The choice is logged (🧠 Auto-grouped by column: date), so you can override it with an explicit --group whenever the inference is wrong. Auto-group uses the same row summing as explicit --group — duplicate (name, x, y, z) keys are collapsed before charting. Benchmark parsers (Go, Rust, JavaScript) are unaffected — auto-group applies only to the csv and json parsers.

Grouped 3D charts need both x and y in --group-pattern. Auto-group always sets -p x only, so --3d with auto-group logs a warning and grouped 3D will not render until you supply both axes explicitly (e.g. -g region,product -p x,y --3d).

Terminal window
vizb sales.csv -o sales.html # auto-picks region (or similar) as the X axis
vizb sales.csv --chart bar:3d -o 3d.html # auto-picks X only; warns that 3D needs -p x,y
vizb sales.csv -g region,product -p x,y --3d -o 3d.html # grouped 3D with explicit axes
vizb sales.csv -g product -p y -o o.html # explicit --group disables auto-group

When every column in a CSV/JSON file is numeric (no categorical columns exist), auto-group has nothing to pick.
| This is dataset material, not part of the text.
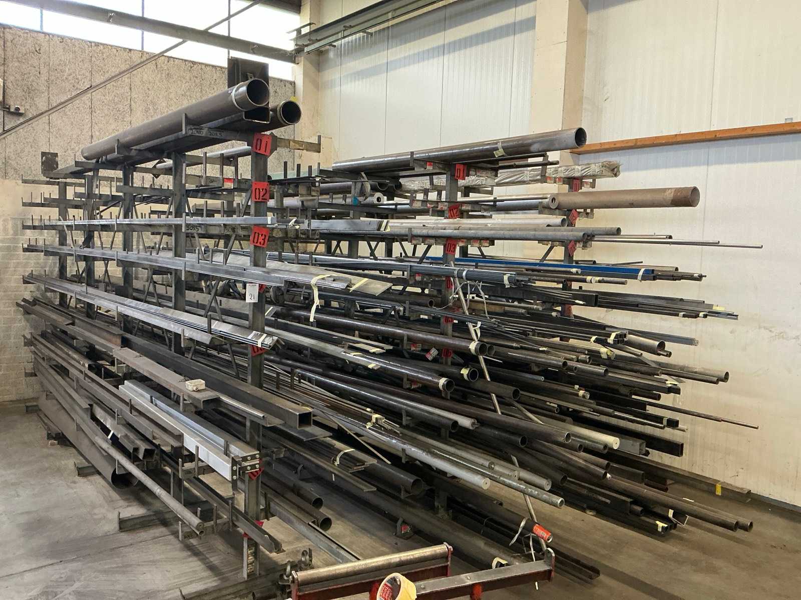 Consisting of 3 cantilever racks, 1x wall rack, including contents, including bar material and remnants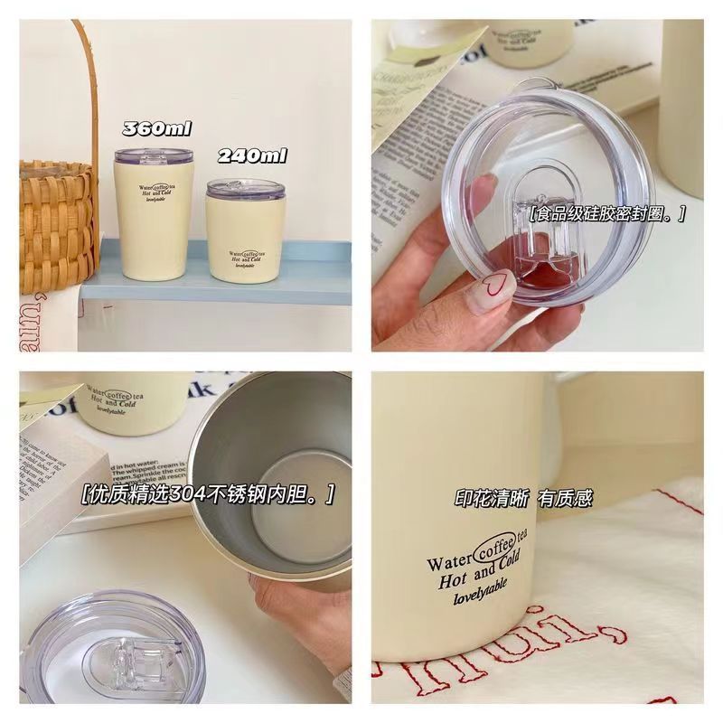 标题:韩风ins奶油黄小众款随手水杯便携不锈钢咖啡杯简约复古保温杯

Instead, vizb auto-assigns the first 2-3 columns as value-type coordinate axes (x, y, z) — no flag needed. This works on bar, line, and scatter charts.

Columns Axes Pattern
2+ x, y 2D value
3+ x, y, z (first 3) 3D value (auto-enables 3D)
4+ x, y, z + 4th as metric 3D value + auto visualMap (color/size by metric)

With 2+ numeric columns, vizb creates a 2D value-mode chart. With 3+, it automatically enables 3D (bar3D / line3D / scatter3D). With 4+, the first three columns are coordinates and the fourth becomes a visual metric. The inference is logged: 🧠 Auto-valued by columns: x, y, z (3D pattern x-y-z), metric: value.

Terminal window
vizb scatter allnums.csv -o scatter.html # auto-value x,y from first 2 columns
vizb scatter allnums.csv --3d -o 3d.html # auto-value x,y,z from 3+ columns (auto-3D)
vizb bar allnums.csv -o bars.html # bar auto-value (auto-3D with 3+ cols)
vizb line allnums.csv -o lines.html # line auto-value (auto-3D with 3+ cols)

Both approaches draw on the same four dimensions. Group assigns them categorically; select assigns them as coordinate positions.

Dimension Shorthand Role
Name n Splits rows into separate chart groups
XAxis x Sets the X axis
YAxis y Creates the in-chart series (group) or second coordinate (select)
ZAxis z Adds a depth axis → 3D chart (requires x + y)

See Group → The dimensions for the full reference. At least one of x or y is required for group to take effect; z requires both x and y.

Benchmark output (Go, Rust, JavaScript) is always grouped — the benchmark name is already the label (e.g. BenchmarkSort/1024/QuickSort), so there are no columns to select. Solo --select and auto-value do not apply. See Group benchmarks.